━━━ Input data ━━━

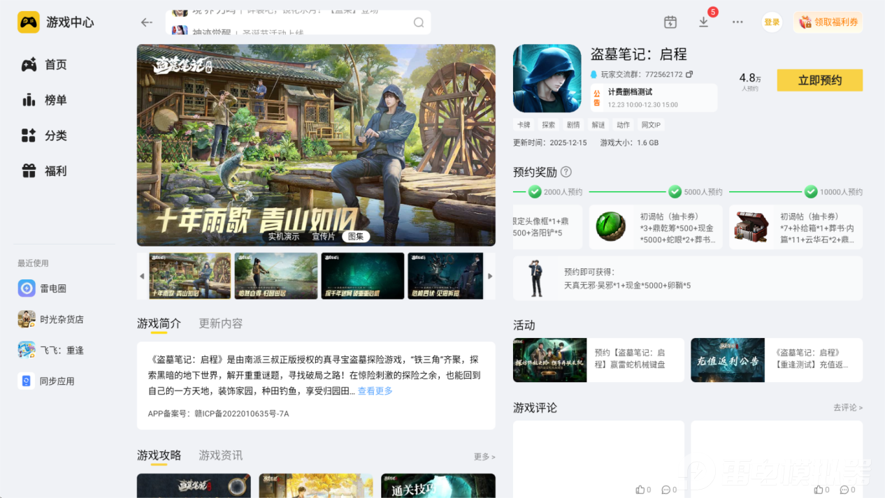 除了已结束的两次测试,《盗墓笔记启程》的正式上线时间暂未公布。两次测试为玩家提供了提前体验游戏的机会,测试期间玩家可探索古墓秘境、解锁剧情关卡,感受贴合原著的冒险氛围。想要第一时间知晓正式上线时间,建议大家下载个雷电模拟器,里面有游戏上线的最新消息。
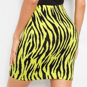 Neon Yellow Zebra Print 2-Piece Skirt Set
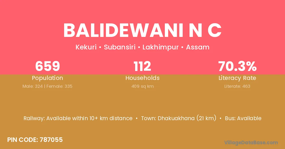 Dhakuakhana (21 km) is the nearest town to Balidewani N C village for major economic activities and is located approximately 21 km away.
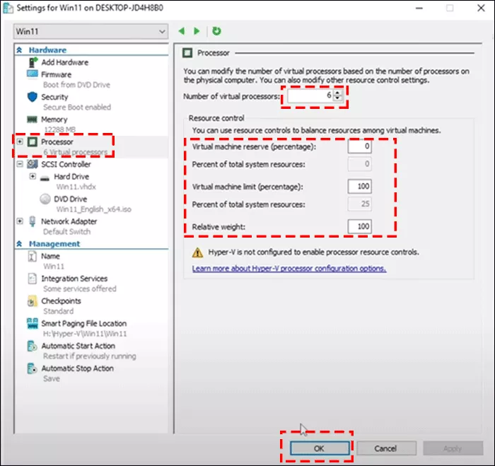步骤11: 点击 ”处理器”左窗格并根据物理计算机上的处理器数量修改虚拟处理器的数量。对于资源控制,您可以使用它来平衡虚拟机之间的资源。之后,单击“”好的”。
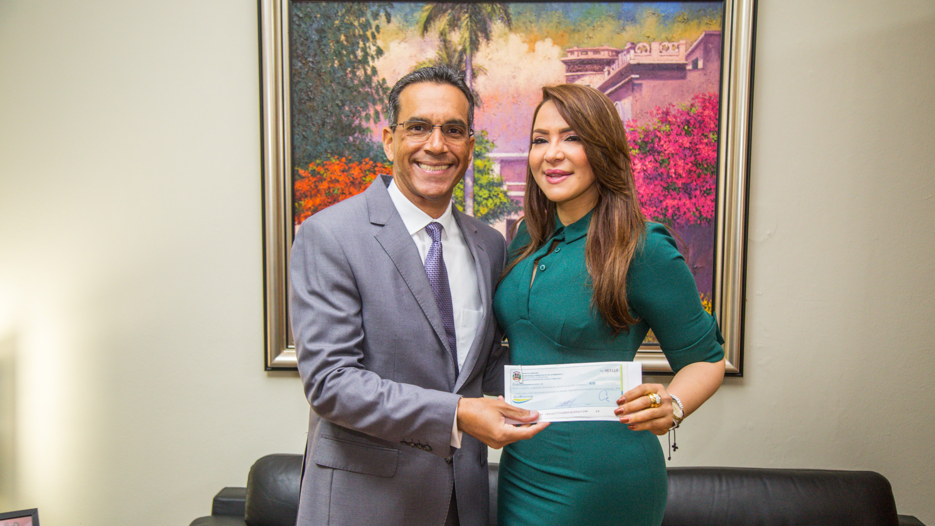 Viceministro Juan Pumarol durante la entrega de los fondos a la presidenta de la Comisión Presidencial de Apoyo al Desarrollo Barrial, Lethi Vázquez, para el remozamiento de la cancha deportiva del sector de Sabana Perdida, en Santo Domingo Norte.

━━━
━━━ Input data ━━━

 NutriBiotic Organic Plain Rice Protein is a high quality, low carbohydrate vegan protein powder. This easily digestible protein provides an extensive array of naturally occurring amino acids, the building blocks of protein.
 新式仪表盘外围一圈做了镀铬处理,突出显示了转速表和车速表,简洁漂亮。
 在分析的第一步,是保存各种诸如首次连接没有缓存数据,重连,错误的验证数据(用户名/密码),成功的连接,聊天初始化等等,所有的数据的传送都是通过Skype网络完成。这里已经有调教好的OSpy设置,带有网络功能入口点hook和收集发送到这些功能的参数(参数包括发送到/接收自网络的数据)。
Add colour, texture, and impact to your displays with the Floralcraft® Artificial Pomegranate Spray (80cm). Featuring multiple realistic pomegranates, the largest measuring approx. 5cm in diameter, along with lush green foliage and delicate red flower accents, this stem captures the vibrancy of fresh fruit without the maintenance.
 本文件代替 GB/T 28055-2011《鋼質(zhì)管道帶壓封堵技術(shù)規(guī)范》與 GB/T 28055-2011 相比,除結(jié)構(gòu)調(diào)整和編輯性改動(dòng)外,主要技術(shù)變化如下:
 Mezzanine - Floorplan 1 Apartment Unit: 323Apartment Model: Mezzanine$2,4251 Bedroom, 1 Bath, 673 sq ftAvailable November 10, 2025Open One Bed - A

━━━
━━━ Input data ━━━

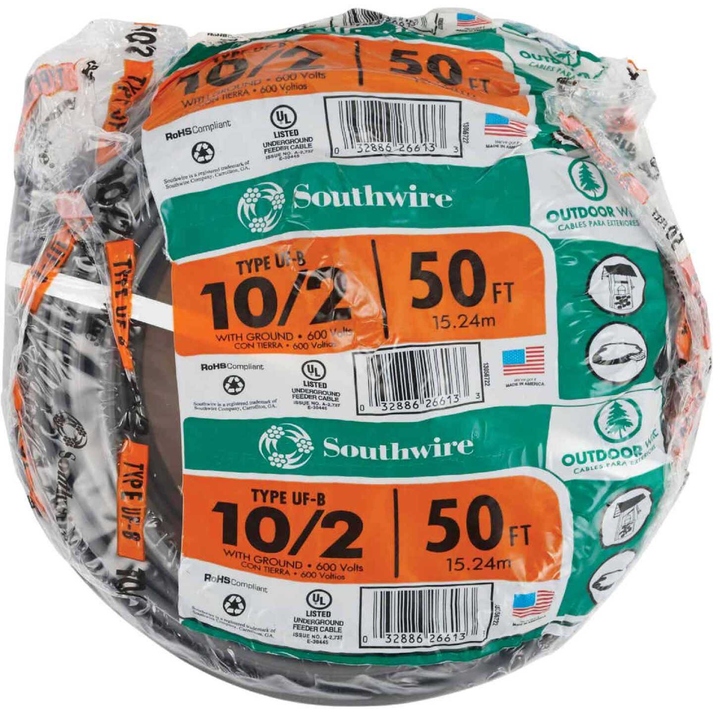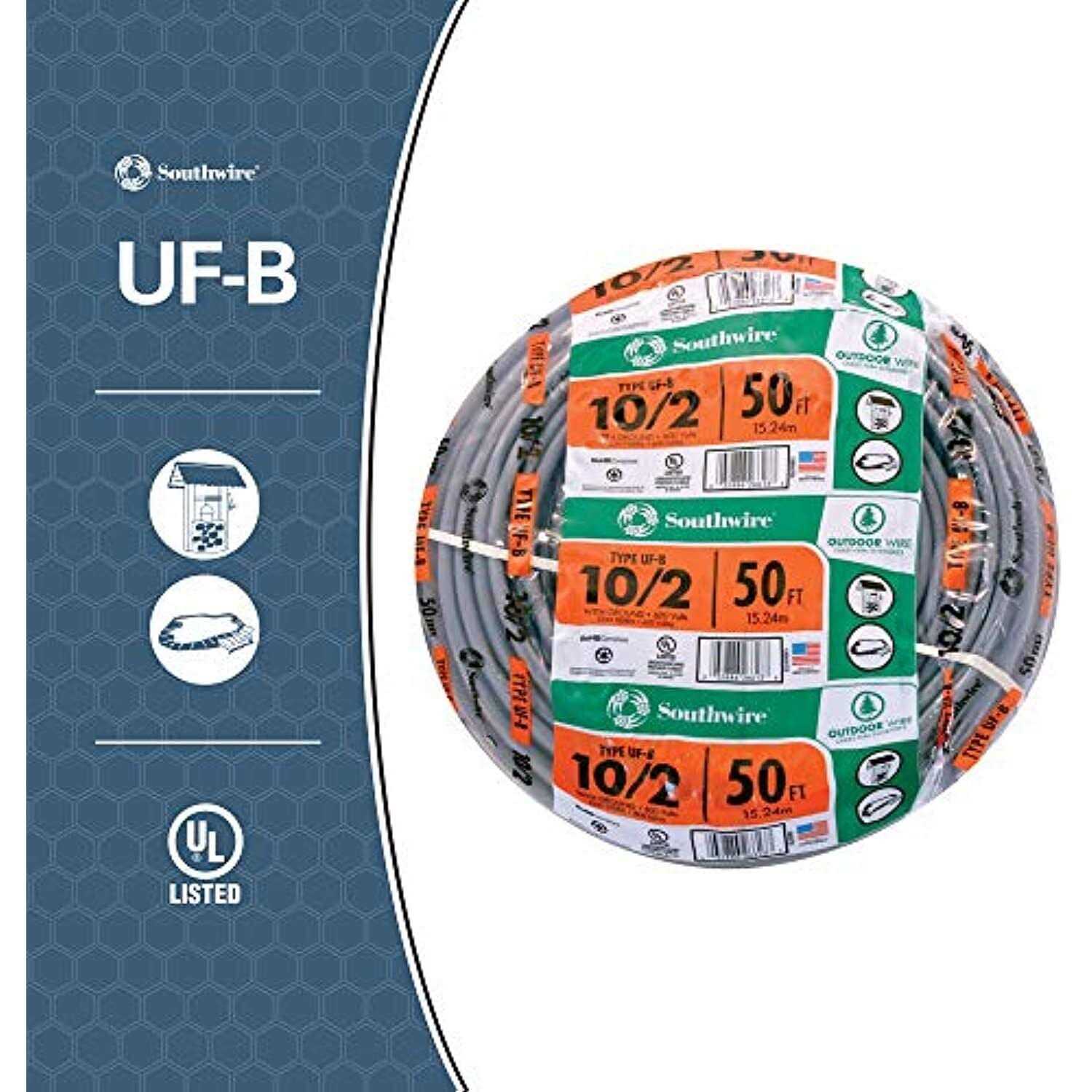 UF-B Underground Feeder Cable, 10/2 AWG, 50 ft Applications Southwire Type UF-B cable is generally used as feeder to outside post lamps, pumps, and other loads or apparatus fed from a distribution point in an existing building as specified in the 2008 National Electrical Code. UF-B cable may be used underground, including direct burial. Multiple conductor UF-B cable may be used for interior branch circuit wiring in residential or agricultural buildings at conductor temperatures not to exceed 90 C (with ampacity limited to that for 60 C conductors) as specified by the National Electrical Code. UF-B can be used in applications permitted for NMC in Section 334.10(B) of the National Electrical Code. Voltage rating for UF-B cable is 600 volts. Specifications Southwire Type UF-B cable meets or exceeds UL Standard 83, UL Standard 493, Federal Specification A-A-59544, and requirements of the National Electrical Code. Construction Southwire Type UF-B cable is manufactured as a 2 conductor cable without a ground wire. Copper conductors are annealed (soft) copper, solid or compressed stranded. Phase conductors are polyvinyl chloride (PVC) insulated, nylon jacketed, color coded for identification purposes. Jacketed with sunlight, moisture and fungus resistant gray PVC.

━━━

Exercise prompt:
Starting with the line above that holds "除了已结束的两次测试,《盗墓", restate each line word for word up to and including the line that holds "Dhakuakhana (21 km)". Drop the pictures.

Exercise answer:
 除了已结束的两次测试,《盗墓笔记启程》的正式上线时间暂未公布。两次测试为玩家提供了提前体验游戏的机会,测试期间玩家可探索古墓秘境、解锁剧情关卡,感受贴合原著的冒险氛围。想要第一时间知晓正式上线时间,建议大家下载个雷电模拟器,里面有游戏上线的最新消息。
 Neon Yellow Zebra Print 2-Piece Skirt Set
 Dhakuakhana (21 km) is the nearest town to Balidewani N C village for major economic activities and is located approximately 21 km away.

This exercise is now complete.